- **TASK DETAILS**: Pictures in the records below must be left out. Return exactly the lines from the line with "O SR. PRESIDENTE" to the line with "Kardosréti kirándulás 1938 július 23.", both included.

Dataset entries:
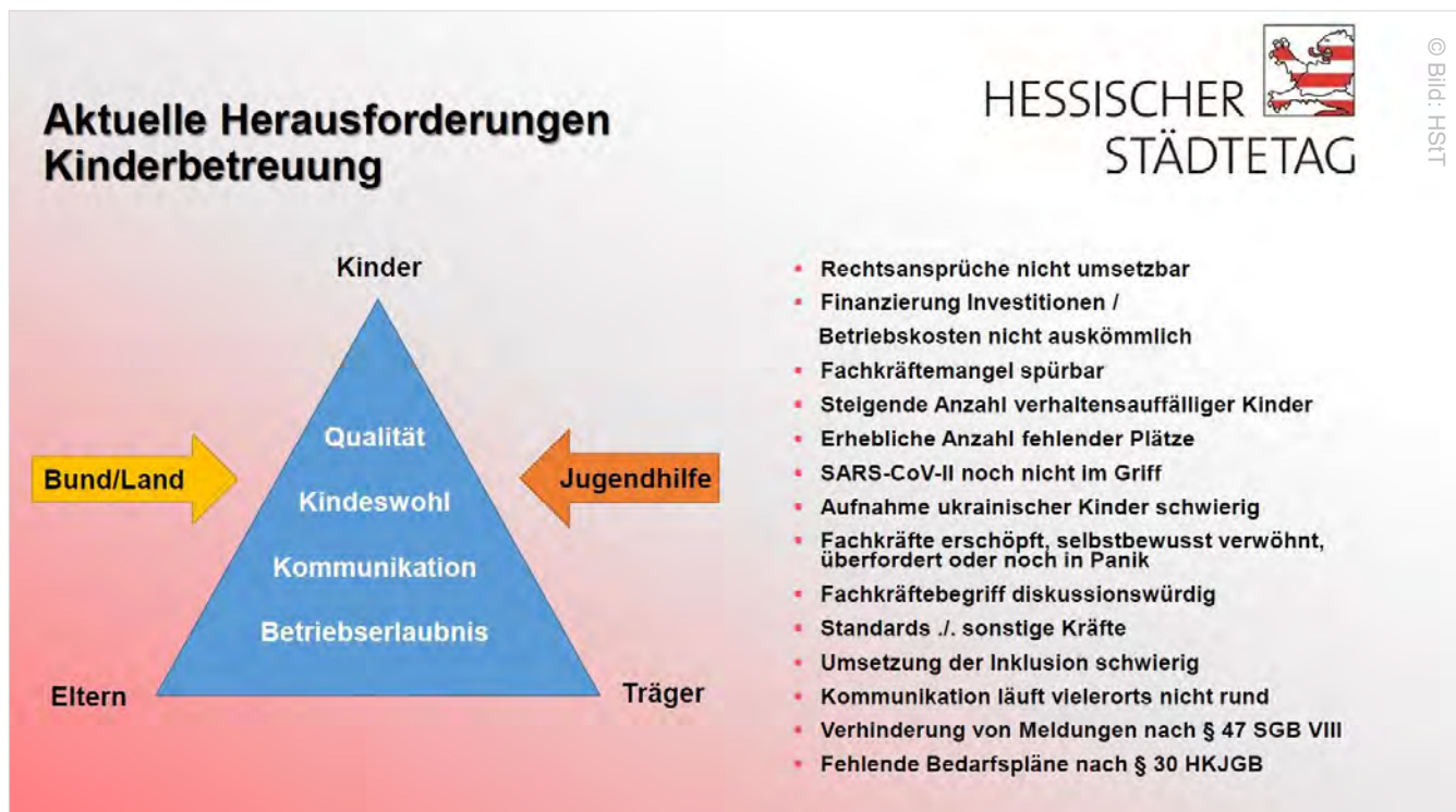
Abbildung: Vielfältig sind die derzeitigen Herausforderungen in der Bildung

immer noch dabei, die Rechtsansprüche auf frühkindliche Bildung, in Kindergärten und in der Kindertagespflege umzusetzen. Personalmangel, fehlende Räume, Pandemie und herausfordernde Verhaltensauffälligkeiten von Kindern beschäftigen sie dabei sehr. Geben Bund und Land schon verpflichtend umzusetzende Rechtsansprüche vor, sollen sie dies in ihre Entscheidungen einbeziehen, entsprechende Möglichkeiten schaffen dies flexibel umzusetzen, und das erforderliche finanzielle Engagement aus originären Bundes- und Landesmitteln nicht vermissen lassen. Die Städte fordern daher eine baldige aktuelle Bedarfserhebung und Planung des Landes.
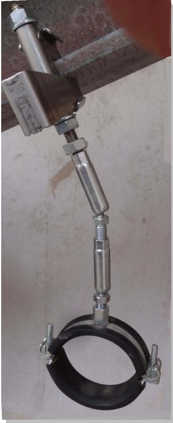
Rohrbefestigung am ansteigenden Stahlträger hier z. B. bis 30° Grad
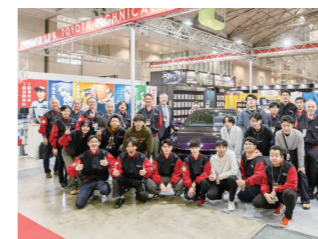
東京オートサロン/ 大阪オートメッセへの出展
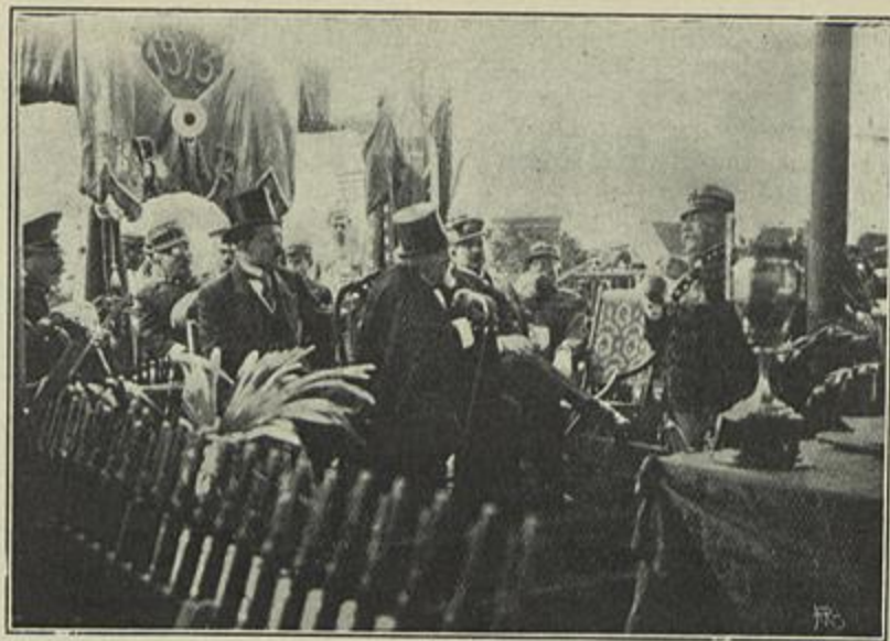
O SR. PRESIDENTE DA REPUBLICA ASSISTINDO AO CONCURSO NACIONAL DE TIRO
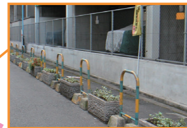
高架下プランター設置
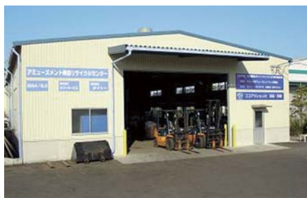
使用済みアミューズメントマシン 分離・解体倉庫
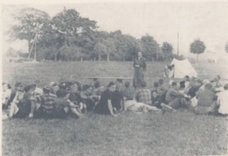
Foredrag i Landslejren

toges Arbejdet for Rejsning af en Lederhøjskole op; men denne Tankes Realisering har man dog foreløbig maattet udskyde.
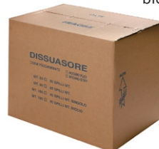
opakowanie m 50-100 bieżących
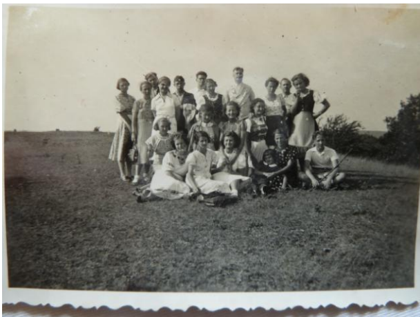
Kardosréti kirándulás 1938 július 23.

* * *

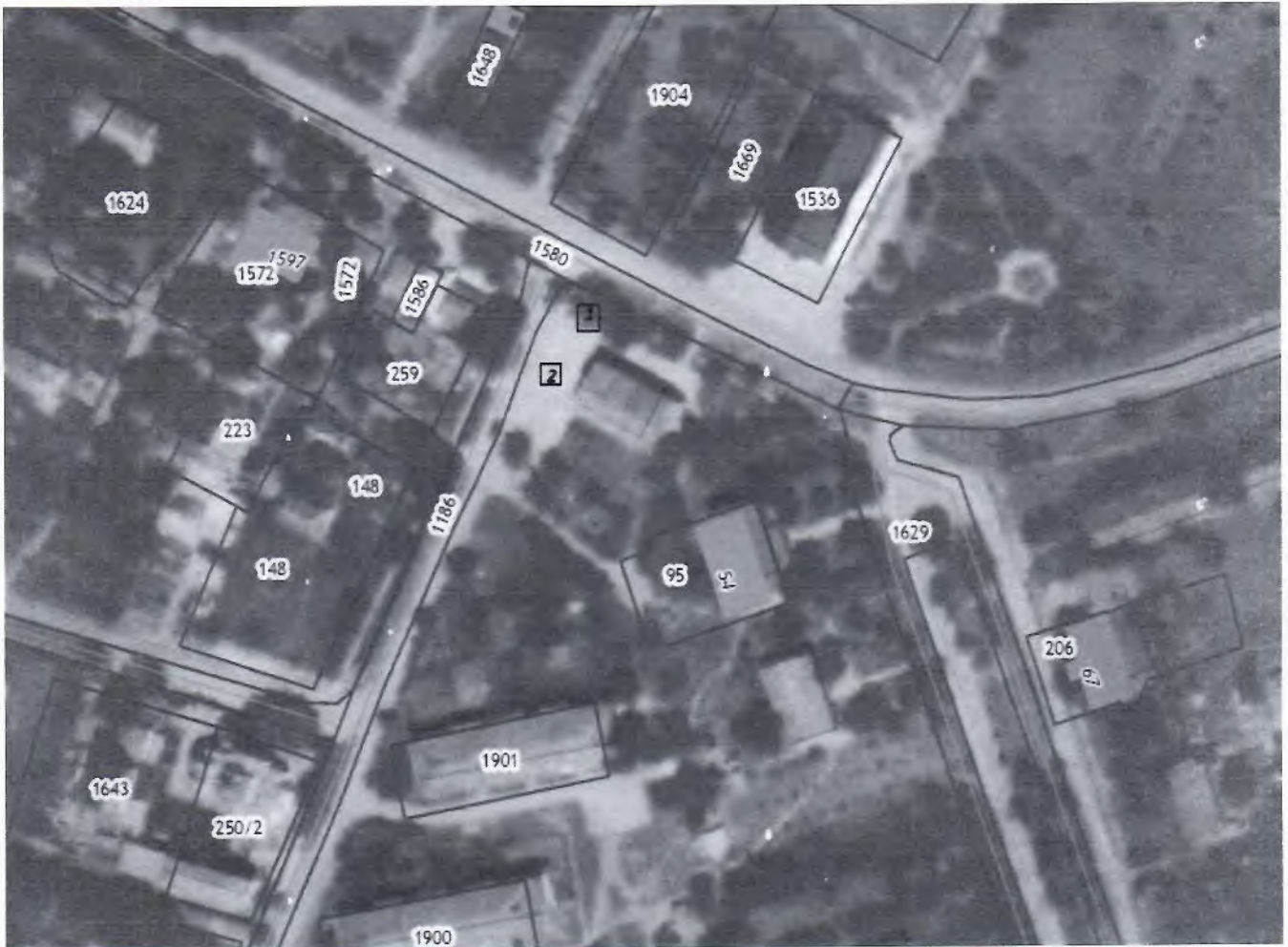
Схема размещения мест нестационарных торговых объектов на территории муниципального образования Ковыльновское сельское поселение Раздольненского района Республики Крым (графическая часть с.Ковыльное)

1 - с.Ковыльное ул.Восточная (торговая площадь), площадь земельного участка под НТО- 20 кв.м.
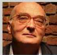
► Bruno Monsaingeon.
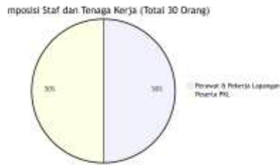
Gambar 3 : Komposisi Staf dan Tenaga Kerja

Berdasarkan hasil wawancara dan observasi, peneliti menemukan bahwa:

- **EXERCISE SOLUTION**:
O SR. PRESIDENTE DA REPUBLICA ASSISTINDO AO CONCURSO NACIONAL DE TIRO
高架下プランター設置
使用済みアミューズメントマシン 分離・解体倉庫
Foredrag i Landslejren

toges Arbejdet for Rejsning af en Lederhøjskole op; men denne Tankes Realisering har man dog foreløbig maattet udskyde.
opakowanie m 50-100 bieżących
Kardosréti kirándulás 1938 július 23.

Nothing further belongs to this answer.